Strange, what version of MySQL is this community edition? Is there any table storage engine using MyISAM?

| username: dba-kit | Original post link

It’s version 5.7, and there are no MyISAM tables.

| username: dba-kit | Original post link

Similar warnings include:

401662:[2022/11/04 10:35:58.448 +08:00] [WARN] [checkpoint_flush_worker.go:112] ["sync flush post-process(afterFlushFn) failed"] [task=qieman_task] [unit="binlog replication"] [error="[code=28005:class=relay-event-lib:scope=internal:level=high], Message: there aren't any data under relay log directory relay-dir., Workaround: Please check relay log using query-status."] [errorVerbose="[code=28005:class=relay-event-lib:scope=internal:level=high], Message: there aren't any data under relay log directory relay-dir., Workaround: Please check relay log using query-status.\ngithub.com/pingcap/tiflow/dm/pkg/terror.(*Error).Generate\n\tgithub.com/pingcap/tiflow/dm/pkg/terror/terror.go:271\ngithub.com/pingcap/tiflow/dm/syncer.(*Syncer).updateActiveRelayLog\n\tgithub.com/pingcap/tiflow/dm/syncer/relay.go:116\ngithub.com/pingcap/tiflow/dm/syncer.(*Syncer).afterFlushCheckpoint\n\tgithub.com/pingcap/tiflow/dm/syncer/syncer.go:1260\ngithub.com/pingcap/tiflow/dm/syncer.(*checkpointFlushWorker).Run\n\tgithub.com/pingcap/tiflow/dm/syncer/checkpoint_flush_worker.go:111\ngithub.com/pingcap/tiflow/dm/syncer.(*Syncer).Run.func3\n\tgithub.com/pingcap/tiflow/dm/syncer/syncer.go:1655\nruntime.goexit\n\truntime/asm_amd64.s:1571"]

This will cause the task to be in a paused state.

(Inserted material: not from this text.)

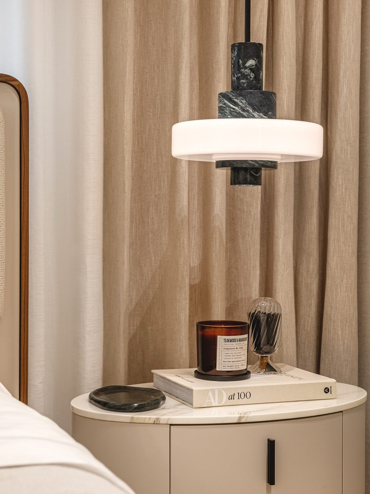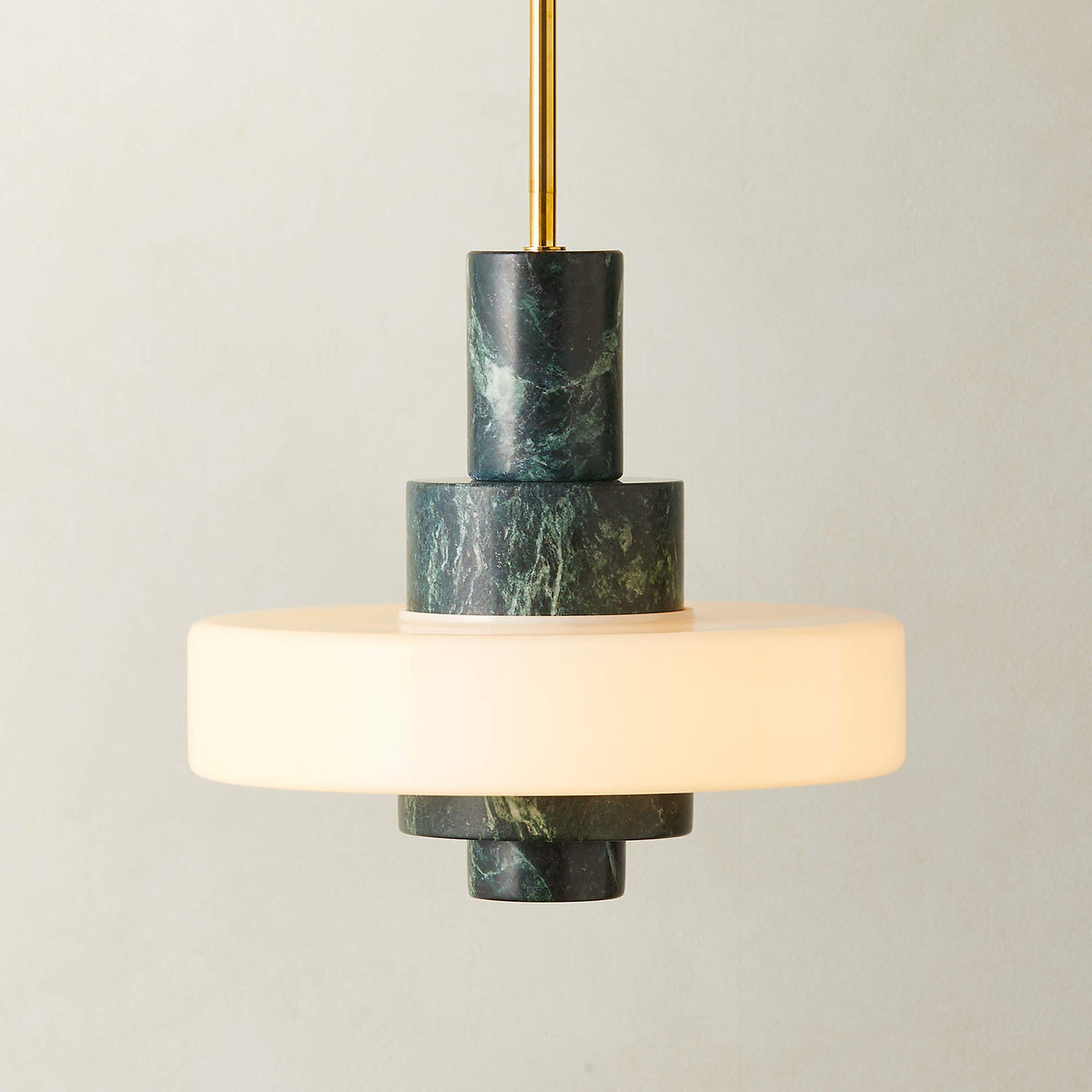 - Frederick Pendant Light design is a study in juxtaposed primary forms. A substantial, solid block of green marble is meticulously carved and polished, its cool, geological weight appearing to float effortlessly in space. Suspended beneath it, a graceful opaline glass sphere glows with a soft, diffused light. Between these two distinct volumes, subtle and restrained detailing in unlacquered brass provides a warm, human touch, connecting the elements with a quiet precision. This is a fixture that commands attention through its confident simplicity and masterful use of materiality.

This state appears irregularly, and generally, manually executing resume-task can resolve it. When this error occurs, the task status is:

| username: dba-kit | Original post link

However, looking at the replication delay, there is basically no delay, so I suspect that occasionally the task gets the latest position, but the binlog in the relay-log has not been read yet.

| username: dba-kit | Original post link

Or could it be related to the adjustment of the responsible party for relay-log fetching in version 6.1?

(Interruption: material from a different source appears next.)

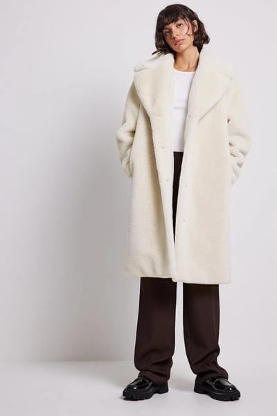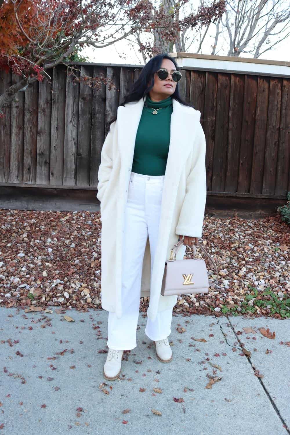 In this white wide leg jeans outfit, we again have a monochromatic look with white jeans and white faux fur coat. A faux fur coat is perfect to create a cozy extreme cold weather outfit. You can pair it with a white jeans to elevate your casual denim outfit.

| username: lance6716 | Original post link

This kind of issue requires logs to troubleshoot.

| username: Hacker_xUwtuKxa | Original post link

How do you know which binlog to pull from MySQL? Manually parsing the binlog logs? That’s quite a workload.

| username: Hacker_xUwtuKxa | Original post link

Additionally, is this bug only present in version 6.1? Does it occur in version 5.4?

| username: dba-kit | Original post link

In the DM task error log, there is an error indicating which binlog has an issue. The binlog name is the same as the binlog name on MySQL, so you can directly transfer the binlog with the same name from the upstream MySQL to the corresponding relay-log directory of the dm-worker.